Laut einer Statistik der Justizabteilung des Obersten Gerichts der Russischen Föderation über die Arbeit der Gerichte der allgemeinen Gerichtsbarkeit und der Friedensrichter wurden im Jahr 2021 8,9 Millionen Fälle von Ordnungswidrigkeiten verhandelt, gegenüber 7,4 Millionen im Jahr 2020. Nach denselben Statistiken beschränkten sich die Richter in nur 1,23 Prozent der Fälle auf eine mündliche Rüge. Gleichzeitig sieht das Gesetzbuch über Ordnungswidrigkeiten die Einstellung von Verfahren wegen Geringfügigkeit der Vergehen vor. Experten sind der Ansicht, dass der Anstieg der Zahl der Strafen weitgehend auf ‚politische‘ Artikel des Gesetzbuches der Ordnungswidrigkeiten zurückzuführen ist.

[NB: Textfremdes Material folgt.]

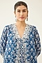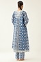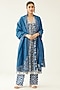 Featuring a blue long kurta in cotton chanderi base with hand block print and side pockets, including sequins, beads and tassels work. It is paired with matching cotton printed pants having side pockets and an elasticated waistband, a silk chanderi dupatta and a cotton slip.

Vor sieben Jahren hat der Oberste Gerichtshof bereits eine Auslegung des Begriffs ‚geringfügige Straftat‘ gegeben: Es handelt sich um eine Straftat, „wenn sie angesichts der Art der begangenen Straftat, der Rolle des Täters, des Ausmaßes des Schadens und der Schwere der Folgen keine erhebliche Störung der geschützten öffentlichen Rechtsverhältnisse darstellt“. Nach Ansicht der Experten handelt es sich dabei eindeutig um Werturteile, das heißt man rechne mit dem Gewissen der Richter.
Allerdings laufen die Verfahren nach dem Gesetzbuch der Ordnungswidrigkeiten im Fließbandverfahren ab, bei dem die Richter nicht auf den Inhalt der Anklage eingehen, sondern sich mit Standardbeweisen, Protokollen und Polizeiberichten zufriedengeben. Richter befassen sich nicht mit trivialen Angelegenheiten, und wenn ihnen einmal Akten vorgelegt werden, müssen die Fälle mit aller Härte behandelt werden, erklärte ein russischer Jurist gegenüber der Zeitung Nowaja Gaseta.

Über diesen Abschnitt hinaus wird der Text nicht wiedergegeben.